Given the size of the training dataset used in this study, we used a shallow neural network to predict the frozen–thawed soil–structure shear stress–strain curves. As we know, artificial neural network (ANN) is one of the most commonly used prediction algorithms, consisting of an input layer, hidden layers, and an output layer. According to the number of hidden layers, it is divided into a shallow or a deep neural network (DNN).
Table 6 shows the performance comparison of the ANN model and the CART-based model in the dataset. For the shear stress–strain curve, the prediction effect of ANN is generally lower than that of the CART-based model, and the accuracy of ANN on the training set is much higher than the test set. Therefore, for a small dataset, we believe that the integrated CART algorithm has more advantages. Faced with big data, the ANN model may be a good choice.
As mentioned before, the
VIM of the input variables is presented in
Table 8. Under the test conditions, normal pressure scores the highest, followed by thawing temperature and the structural interface, while the influence of shear rate is nearly zero across different models. This indicates that the primary factors influencing the stress–strain curve are normal pressure and thawing temperature, followed by the structural interface.
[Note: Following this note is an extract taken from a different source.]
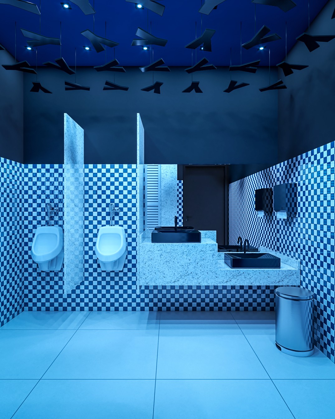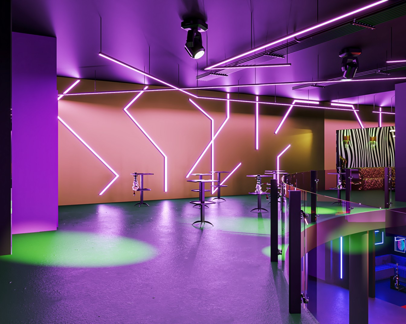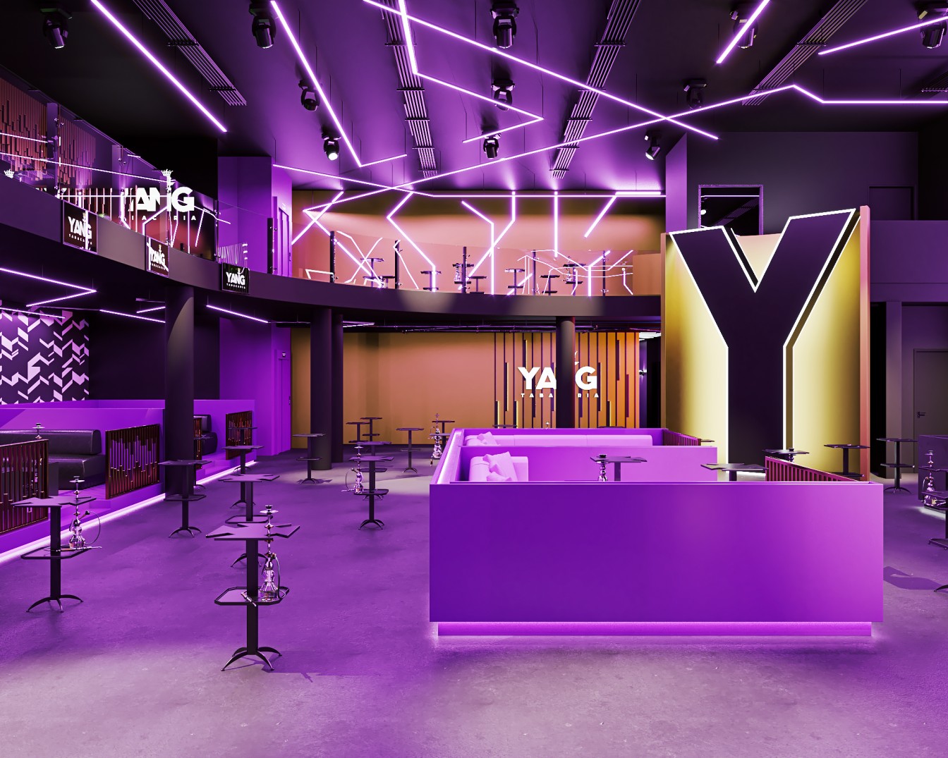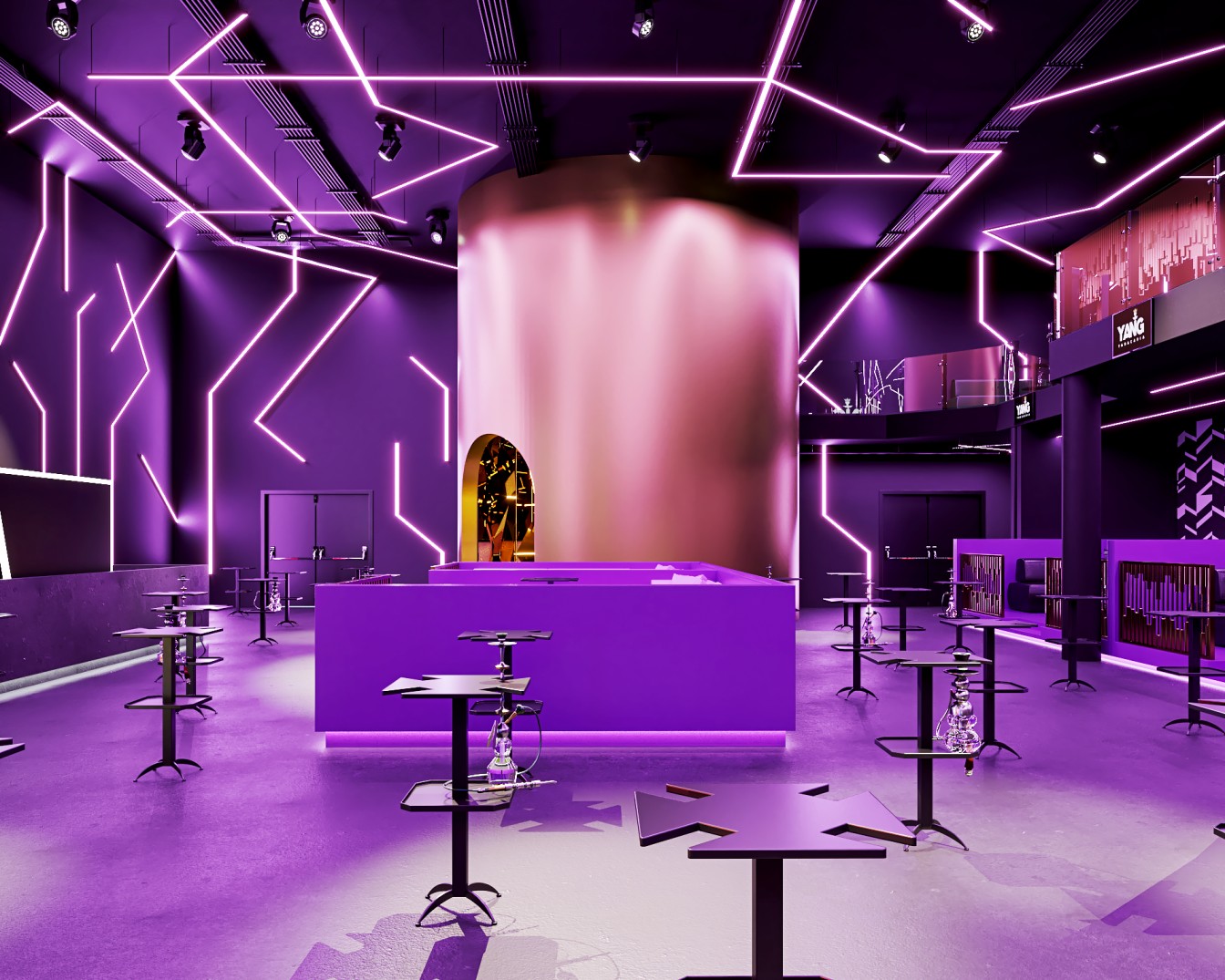 Esta sedutora balada lounge de narguilé cativa desde a fachada até o interior, onde a mistura ousada de preto e dourado cria uma estética luxuosa e contemporânea. A fachada, adornada com detalhes dourados reluzentes, convida os visitantes a uma experiência noturna única. Ao adentrar, o espaço se desdobra em dois pavimentos, cada um imerso em uma atmosfera de elegância. O preto domina, desde o mobiliário até as paredes, enquanto detalhes em dourado, como luminárias e elementos decorativos, adicionam um toque de opulência.

The VIM of input variables such as strains and vertical displacement is also high, demonstrating a strong correlation with the output.
6. Conclusions
The indoor testing method to characterize the shear behavior of frozen–thawed soil–structure interfaces often demands specialized equipment and controlled environments, making it costly, time-consuming, and sometimes unavailable. Hence, leveraging the direct shear test, we developed a CART-based integrated learning model. Through cross-validation, optimal hyperparameters of the CART-based model were determined, and subsequent comparison of the model’s prediction performance was discussed. The key findings of this study can be summarized as follows:
With the increasing thawing degree of frozen soil, the shear stress–strain curves of the frozen–thawed soil–structure interfaces evolve from exhibiting characteristics of strain softening with distinct shear stress peaks to demonstrating ideal plasticity and strain hardening traits.
While the prediction accuracy of a single decision tree proved ineffective, the integrated algorithm models (CART-RF and CART-AdaBoost) adeptly simulated the nonlinear shear behavior of a high-stress frozen–thawed soil–structure interface, successfully predicting entire shear stress–strain curves.
Importance ranking of the influence parameters revealed that normal pressure and thawing temperature emerged as significant influencing factors for the shear behaviors of frozen–thawed soil–structure interfaces under high stress conditions.
This study represents an initial endeavor to utilize data obtained from direct shear tests. A scientifically grounded interpretation of shear stress–strain relationships, particularly employing modern machine learning technology, offers valuable insights for practitioners lacking access to testing facilities to directly simulate the mechanical behavior of thawing soil–structure interfaces. Furthermore, the pursuit of more accurate results necessitates additional experimental data, which will be addressed in subsequent research endeavors.